Essay de Julius Heinemann na Jahn und Jahn
A palavra “ensaio” deriva do francês essayer, que significa “tentar”. Os ensaios são esboços poéticos sobre determinado tema, que contêm ideias e reflexões pessoais. Têm como característica a exploração subjetiva de um tema, sem a necessidade de provas empíricas. Em contraste com o estudo científico, que se baseia em dados e evidências, o ensaio valoriza a perspetiva e a expressão individual.
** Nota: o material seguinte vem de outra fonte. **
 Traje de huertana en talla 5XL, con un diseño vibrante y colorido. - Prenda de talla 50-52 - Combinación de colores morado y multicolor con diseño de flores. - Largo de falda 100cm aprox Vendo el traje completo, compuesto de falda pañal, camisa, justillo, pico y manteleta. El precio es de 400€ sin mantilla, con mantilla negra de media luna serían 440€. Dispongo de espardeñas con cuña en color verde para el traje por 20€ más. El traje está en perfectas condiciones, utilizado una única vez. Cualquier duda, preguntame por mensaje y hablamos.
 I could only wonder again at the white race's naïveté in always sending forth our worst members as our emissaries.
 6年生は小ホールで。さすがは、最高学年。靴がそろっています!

É um espaço de liberdade criativa onde o autor pode divagar, questionar, e propor novas formas de pensar.
É sob esta noção que nasce a exposição Essay, do artista alemão Julius Heinemman. Nas paredes da Jahn und Jahn, o artista esboça a sua visão sobre o mundo com 64 aguarelas produzidas ao longo de dois anos. As obras, de formato intimista, apresentam motivos diversos que vão desde paisagens, fragmentos de ambientes domésticos, a objetos do quotidiano. É um ensaio visual subtil e delicado, que recorre à técnica da aguarela para explorar a luz, as suas sobreposições e profundidades.
As aguarelas que ocupam a primeira sala são as que ilustram motivos mais concretos. Na constelação de imagens há referências à figura humana através de silhuetas, mãos e rostos, ou uns óculos que pousam sobre o vazio; há ainda o doméstico através de vasos, chávenas e janelas, que lembram as aguarelas de Giorgio Morandi. São imagens serenas que evocam o quotidiano, que dele colhem momentos suspensos.
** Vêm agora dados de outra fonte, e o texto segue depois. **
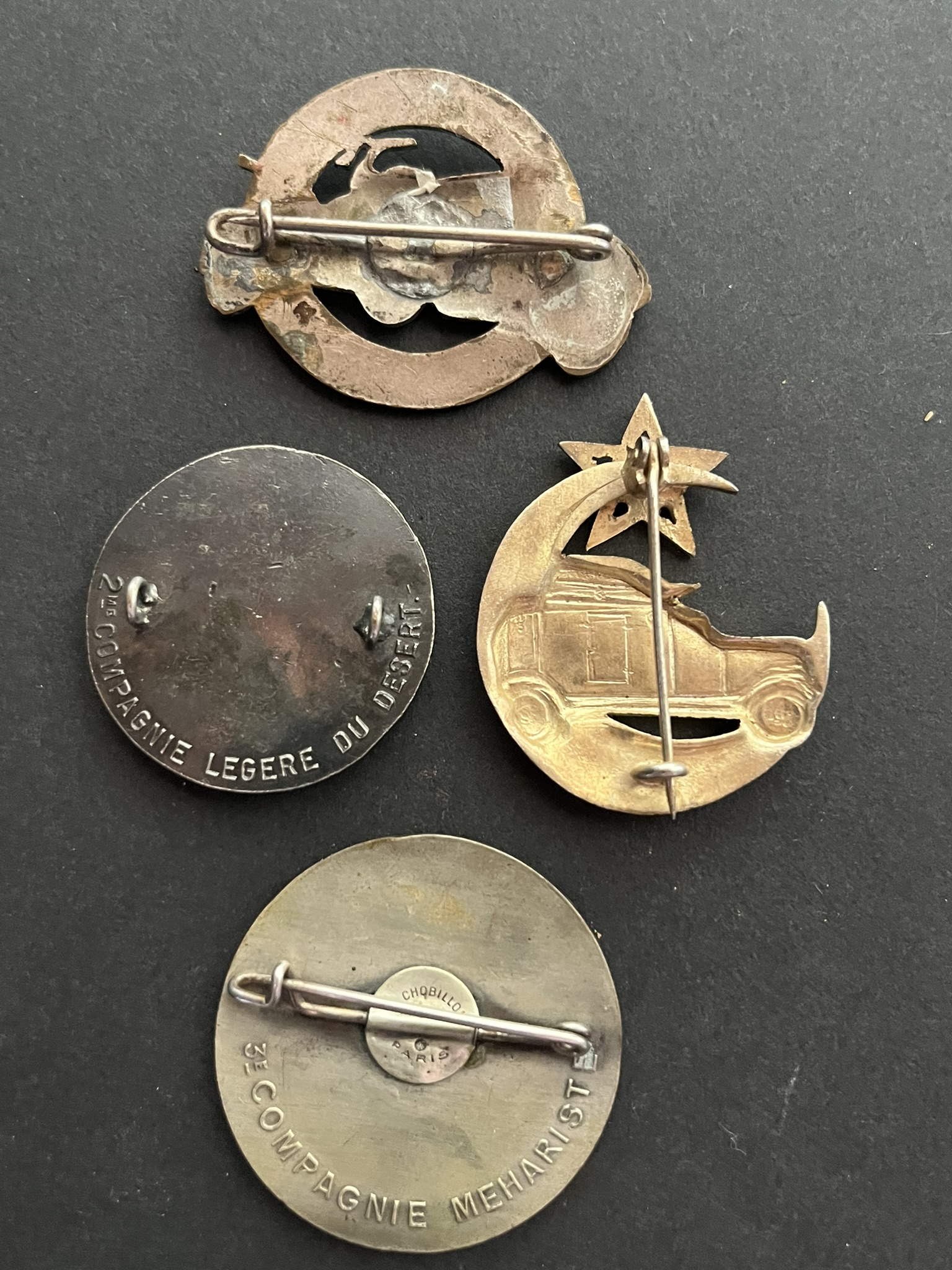 Lot 4 pièces , Insigne Auto Mitrailleuses Légères du Désert grand modèle sans, Auto Mitrailleuses du Levant métal argenté sans, 2 compagnie Légère du Désert sans (Delande), 3e compagnie... en savoir plus

Na sala que se conecta ao corredor, vemos variações de uma mesma paisagem bucólica, umas vezes marcada por um sol, outras por uma lua. Estes dois elementos celestes assinalam o centro da composição, a noite e o dia, o quente e o frio. Dos contrastes nascem horizontes que tanto separam o céu do oceano, como os unem.
A abstração vai crescendo a cada núcleo de trabalhos, e na última sala as aguarelas destacam-se pela composição geométrica. O que nasce da observação de espaços vazios são rastos de luz que delimitam os limites de cada lugar. Desta perceção do vazio surgem composições que parecem demarcar a viagem da luz pelo espaço.
Apesar da serenidade de cada aguarela, a repetição dos motivos, ainda que diversa, salienta a urgência em marcar o gesto sobre o papel. Questionado sobre o seu processo, Julius contou-me que se guia pela intuição, mantendo sempre um estado de alerta. Semelhante a quem pega numa câmara fotográfica para captar um instante fugaz, Julius também se guia pela luz para assinalar aquilo que vê. A luz como elemento em constante mudança, que varia de tonalidade e intensidade à medida que o sol percorre o céu. Assim, as imagens que pinta refletem fenómenos efémeros, enraizados na sua observação do mundo. A repetição surge porque há imagens que pedem uma exploração mais profunda, fazendo nascer aguarelas que exploram a mesma ideia, mas que olham para ela sob um ângulo ou tempo diferentes.
Essay é um ensaio sobre a fugacidade da luz e do tempo, que explora uma luz específica: aquela que atravessa as janelas, que ilumina o interior dos espaços e dos objetos que neles habitam. É uma meditação visual sobre as subtilezas da luz e da forma.
Paralelamente a Essay, acontece uma outra exposição de Julius Heinemann na Casa da Cerca em Almada, marcada pela instalação site–specific O Espelho, que acontece no exterior do edifício, atualmente em remodelação. Nas palavras do artista, “enquanto que a exposição na Jahn und Jahn é uma reflexão sobre a subjetividade e a visão sobre o mundo exterior, a instalação na Casa da Cerca consiste numa reflexão na direção oposta: uma projeção do interior para o exterior.”
Essay de Julius Heinemman está patente na Jahn und Jahn até 29 de junho de 2024.